Jujitsu, which started in Japan as a way to disable an armed opponent, is like wrestling in that it employs holds, throws, pins and limb locks. But unlike traditional wrestling, opponents in jujitsu may continue to fight while lying on their back. Mike received a black belt in karate from Don Madden in Chillicothe, Ohio, and in jujitsu from George Annarino in Newark, Ohio. He started teaching marital arts in 1996, he says.

He got involved in mixed martial arts and cage fighting around 2001, after he met Wes Simms, fresh from competing on TV’s “Ultimate Fighter” series, which was among the first shows to showcase cage fighting to the public.

Mike started training with Simms at his gym in Columbus, Ohio, where he also trained with Mark Coleman, another well-known early cage fighter whom fans revere for bringing superior wrestling to cage fighting.

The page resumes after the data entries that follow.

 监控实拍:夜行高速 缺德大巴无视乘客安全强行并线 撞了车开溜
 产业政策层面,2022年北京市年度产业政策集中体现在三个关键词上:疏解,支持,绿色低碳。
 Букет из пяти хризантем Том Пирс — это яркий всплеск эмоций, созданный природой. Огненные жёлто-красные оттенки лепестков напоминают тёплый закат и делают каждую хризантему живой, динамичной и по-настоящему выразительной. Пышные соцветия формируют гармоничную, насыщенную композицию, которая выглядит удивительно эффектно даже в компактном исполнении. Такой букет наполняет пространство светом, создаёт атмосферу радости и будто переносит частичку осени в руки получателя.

He competed at 135 pounds in the cage, even taking three so-called No-Holds-Barred fights. The fights are also known as bare-knuckles fights because competitors don’t wear gloves.

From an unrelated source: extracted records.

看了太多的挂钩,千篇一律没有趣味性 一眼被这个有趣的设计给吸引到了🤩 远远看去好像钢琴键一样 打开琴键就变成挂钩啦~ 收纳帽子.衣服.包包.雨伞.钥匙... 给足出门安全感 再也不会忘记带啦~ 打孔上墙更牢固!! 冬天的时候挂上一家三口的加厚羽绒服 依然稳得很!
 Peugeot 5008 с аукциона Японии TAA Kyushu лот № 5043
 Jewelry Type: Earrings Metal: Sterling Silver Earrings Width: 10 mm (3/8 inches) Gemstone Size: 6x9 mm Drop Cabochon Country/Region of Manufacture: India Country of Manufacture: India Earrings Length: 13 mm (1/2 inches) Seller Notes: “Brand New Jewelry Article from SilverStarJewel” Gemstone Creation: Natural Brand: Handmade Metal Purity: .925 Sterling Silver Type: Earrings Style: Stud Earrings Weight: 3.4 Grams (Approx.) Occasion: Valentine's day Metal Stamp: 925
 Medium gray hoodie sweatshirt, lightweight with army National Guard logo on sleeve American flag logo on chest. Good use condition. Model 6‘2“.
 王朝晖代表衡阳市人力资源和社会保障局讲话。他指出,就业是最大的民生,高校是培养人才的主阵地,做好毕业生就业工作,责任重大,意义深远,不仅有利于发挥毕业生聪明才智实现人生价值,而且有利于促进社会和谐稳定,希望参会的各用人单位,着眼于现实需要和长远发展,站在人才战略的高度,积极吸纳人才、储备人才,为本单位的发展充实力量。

“Even my friends fighting then thought that was crazy,” he confesses.

Meanwhile, Kristi, a petite, blue-eyed blonde who calls herself “the cheerleader type,” turned to martial arts after domestic abuse put her in a physically vulnerable position she never wanted to be in again.

“My instinct told me I was good (at kickboxing), and they (her teachers) thought I’d do well, so they started me competing when I was a yellow belt,” the second level of proficiency, she says.

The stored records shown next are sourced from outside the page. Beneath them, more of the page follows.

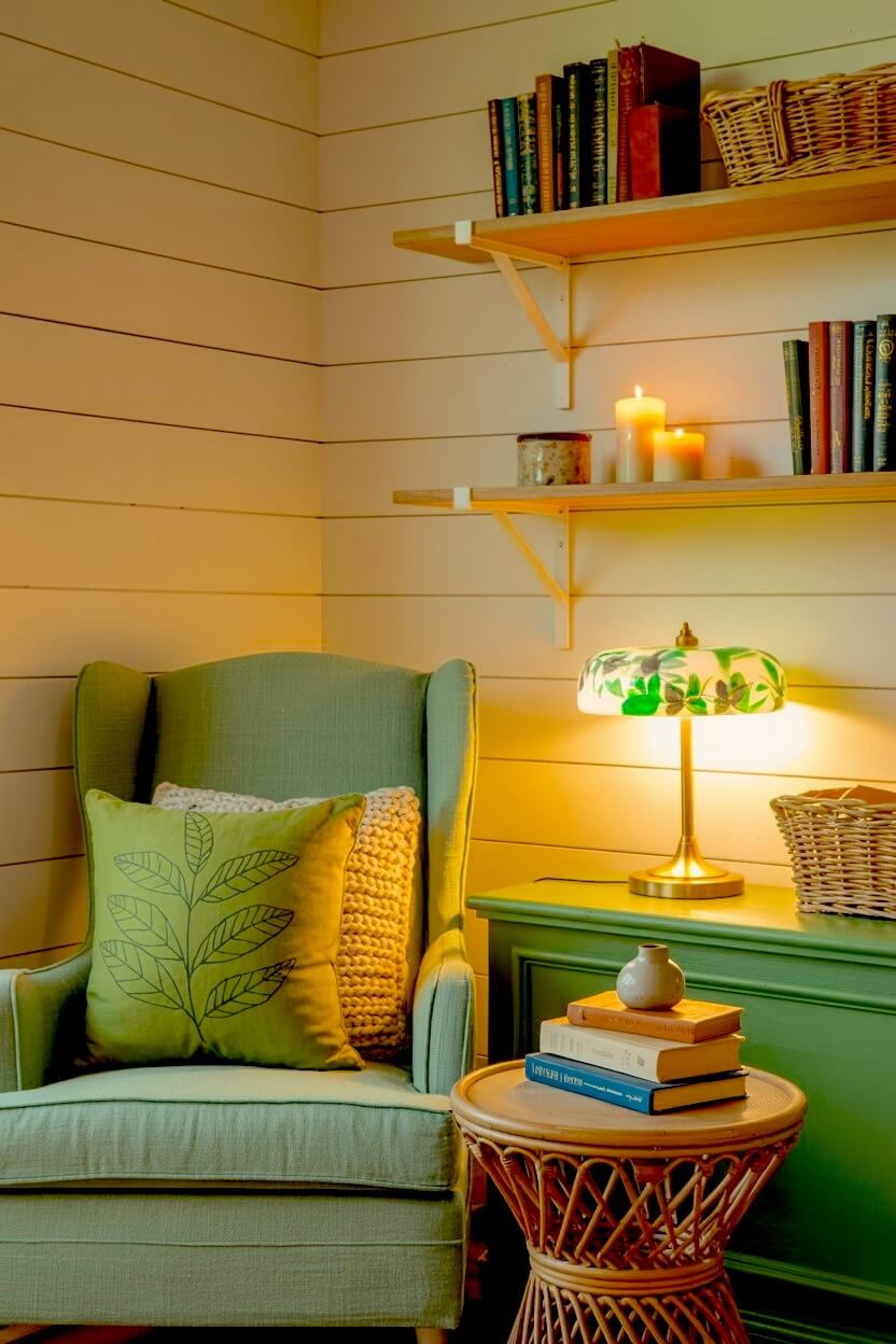 Rattan, willow, banana-leaf baskets, and woven side tables help the nook feel relaxed and settled. When choosing, go with the ones in warm walnut or honey tones. They’re perfect with green and give the nook a steady foundation before any pattern comes in.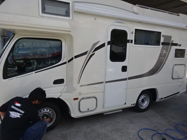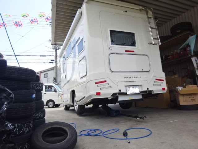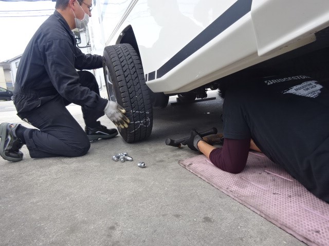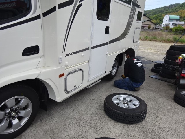 キャンピングカーのお客様、ご自身で夏タイヤに脱着出来ず、持ってこられました。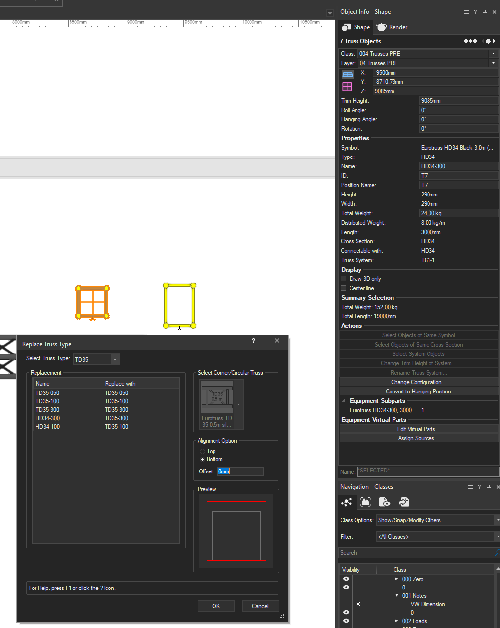 Hi I post this here, I remember that @Scott C. Parker asked examples of changing truss process. This is very typical case I go thru. And this time I'm doing this as I write this to get authentic screenshots. Stick of trusses in the drawing, this time 9 x FD34 3m. For warehouse inventory reasons this needs to be changed to different truss and configuration. OK, we have tools for that, lets get on it. Replace Truss Type... I get pretty long list of candidates to chance to. Odd is that I'm pretty certain that in this file we have never used most of truss types that are in offer. Yes I have sometimes my self used this type of trusses in this installation of Vectorworks. Doesn't matter, I choose what I need, HD34 it is. All well, I have HD34 on drawing, somehow it is also desired silver type of symbol. That symbol or any other distinguishing info was not shown in previous dialog. But dang, now I still need to change configuration because of warehouse inventory. I need to use 6 x 3m and 4 x 2m. Its 1m short of original length but that is OK in this occasion. Choose truss, click Change Configuration button from OIP. You are greeted with this UI of usability. So many lengths to choose from. And ample space to use in actual business end of things. Now it is easy to choose right lengths for my need. If only I could know what length of truss is what symbol. Easy, lets be brave and take a pick from three different 3m piece that is on offer and then pick one of 2m pieces. Calculation is correct that after selection we are 1m shorter than original. Still bravely we advance. And this is result, black 3m pieces and Invalid Truss Symbol for 2m pieces. Well, 🤔, I was aiming for silver truss. Something is clearly wrong, lets try to fix 2m issue first. I had other option for 2m truss lets try that. Better but not quite right. Now I must reason that I don't have correct symbol in my file for 2m silver HD34. Lets add that to drawing by importing it to Resource Manager so it is in the file. But NO I still have only two options for 2m truss. What on earth is going on. Why I don't have that just imported symbol to choose from? Now I just need to know that it is needed to place one instance of truss to design layer for it to register as an option in truss configuration. What in earth??? And last step is to raffle in Replace Truss Configuration dialog what truss is what symbol. Usually coupe tries is enough. I cant prove it, but I also have hunch that in Replace Truss Configuration dialog trusses are chancing order in that length group depending what is chosen. You can't just pick "next in line" after each try because order has changed. Would it be idea to be able to choose right symbols to use in Replace Type dialog Not just truss system? A bit same way as you can choose corners in that same window? What is left to do is configuration changes, but maybe we could use this same process to do that also. I think that would be more intuitive way. I understand that Change Configuration process uses features of inventory somehow but I have not needed those in my years of use. Maybe someone uses truss inventory. We have inventory in different program that does that better and knows inventory by gig. This might also relieve pain about changing truss between inch/feet and metric systems. Now I think that easiest is to draw similar length line from other system and replace old with new. At least in Replace Truss Configuration show truss symbol name with length. That way user can read what is what. O, I almost forgot. when using these tools data from original trusses is lost. I mean class and Position Name of original truss. Losing Class info I almost can understand but losing Position Name is unforgivable. Must be way to read and save data from original system and write it to new system. I know that there is variables in here also but, 98% of times all trusses in same system has same Position Name and class. There is quite many step involved in chancing truss to match what is going to be build. I see why it feels easier just draw new system and delete old one. And this was just stick of truss. Don't get me started with complex structures... I hope we can get smoother process to change trusses.

“It was hard. I was the only girl, and that made it hard – guys swinging at me, taking me on all the time,” she says.

When Mike and a friend asked her whether she would consider a cage fight, she declined, wanting to defend a kickboxing title instead. But she agreed to go watch one.

“As a stand-up fighter, I had no take-downs, no grappling – just kicking and punching was all I could do. When I saw the combination of weapons, that hooked me,” she says.

Kristi says her cage-fighting career was short – she won one fight but gave up the sport at the urging of her family after her nose was crushed in an unrelated accident.

But she has coached her son and two daughters in martial arts, and has about 30 fighters on her roster, including several women. She manages Cody Shipp, New Haven High School assistant wrestling coach, who has a 12-5 professional record at 155 pounds and teaches wrestling at the gym, and Brandon Inskeep of Fort Wayne, a 3-1 professional at 135 pounds.

Kristi, who says she strives to avoid injury to her fighters but has seen it nonetheless, says cage fighting is not for everybody.

“It’s in your soul,” she says. “There’s so much tactics involved. There are so many ways to win.

“You have to be (physically) trained, but you have to also look at it as a full battle plan. You have to be like the general in command of everything about yourself – mental, physical and emotional.

“When that cage door closes (you) have to take on the fight no matter where it takes you. You have to overcome and constantly adapt. There’s no other game out there like that.”

And there’s no other feeling like fighting in the cage, says Mike, who adds that he “sometimes” misses it. His day-to-day calm demeanor scarcely suggests belligerence, and novice students say they like him because he doesn’t yell at them.

“It’s an adrenaline rush,” he says of cage fighting.

“It’s a chance to do something you’ve wanted to do but thought you couldn’t. … It’s a chance to prove something to yourself.”